Messegelände produzieren erhebliche Mengen an Abfall. Einweggeschirr, Plastikverpackungen und Lebensmittelreste summieren sich bei mehrtägigen Veranstaltungen schnell auf Tonnen. Viele Messebetreiber reagieren mit eigenen Nachhaltigkeitsvorgaben und verlangen von Catering-Dienstleistern den Verzicht auf Einwegplastik oder den Nachweis von Mehrwegsystemen.

Das ist organisatorisch aufwendiger, aber umsetzbar. Mehrweggeschirr erfordert einen Spülbereich oder die Zusammenarbeit mit einem Rückgabesystem. Pfandlösungen für Becher sind auf Messen etabliert und funktionieren logistisch gut, wenn das Personal entsprechend eingewiesen ist. Wer das Thema Nachhaltigkeit im Catering frühzeitig anspricht, vermeidet Nachforderungen des Hallenbetreibers kurz vor der Veranstaltung.

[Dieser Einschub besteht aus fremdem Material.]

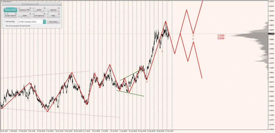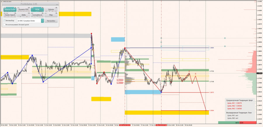 Среднесрочная тенденция: в шорт. Максимальное скопление объемов среднесрочной тенденции расположено в диапазоне по котировкам 1.37099-1.37251. В настоящий момент по паре совершаются инвестиционные операции выше, указывая на слабость продавцов.
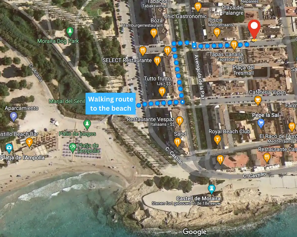 luchthaven. Luchthaven van Alicante: 91km, Luchthaven Valencia: 128km. Padelbanen op 200 meter. Leuke wandelingen vanaf het dorp zijn naar de prachtige baai van El Portet (1,5km) of, de andere kant op, via Bar la Cabana (1,5km) in de richting van La Fustera (6km) via het ecopad. Voldoende gelegenheden om tussendoor een drankje te nuttigen in een strandbar of een duik in zee te nemen.

Checkliste für die Vorabplanung

Damit nichts Wesentliches in der Hektik der Messevorbereitung verloren geht, hilft eine strukturierte Vorgehensweise. Die wichtigsten Punkte im Überblick:

  • Catering-Dienstleister mindestens 8 bis 12 Wochen vor der Messe kontaktieren
  • Infrastruktur mit dem Hallenbetreiber klären: Strom, Wasser, Entsorgung
  • Angebote auf Vollständigkeit prüfen: Auf- und Abbau, Spülservice, Müll
  • Hygienekonzept schriftlich einfordern
  • Verpflegung für Aussteller und Besucher getrennt konzipieren
  • Ernährungsweisen und Allergien bei der Menüplanung berücksichtigen
  • Nachhaltigkeitsvorgaben des Veranstaltungsorts abfragen

Messecatering ist kein Selbstläufer. Es ist ein logistisches Projekt mit eigenem Budget, eigenem Zeitplan und eigenen Risiken. Veranstalter, die das früh erkennen und entsprechend handeln, sparen sich Stress und sichern die Qualität ihrer Veranstaltung an einem Punkt, den Besucher und Aussteller am unmittelbarsten wahrnehmen.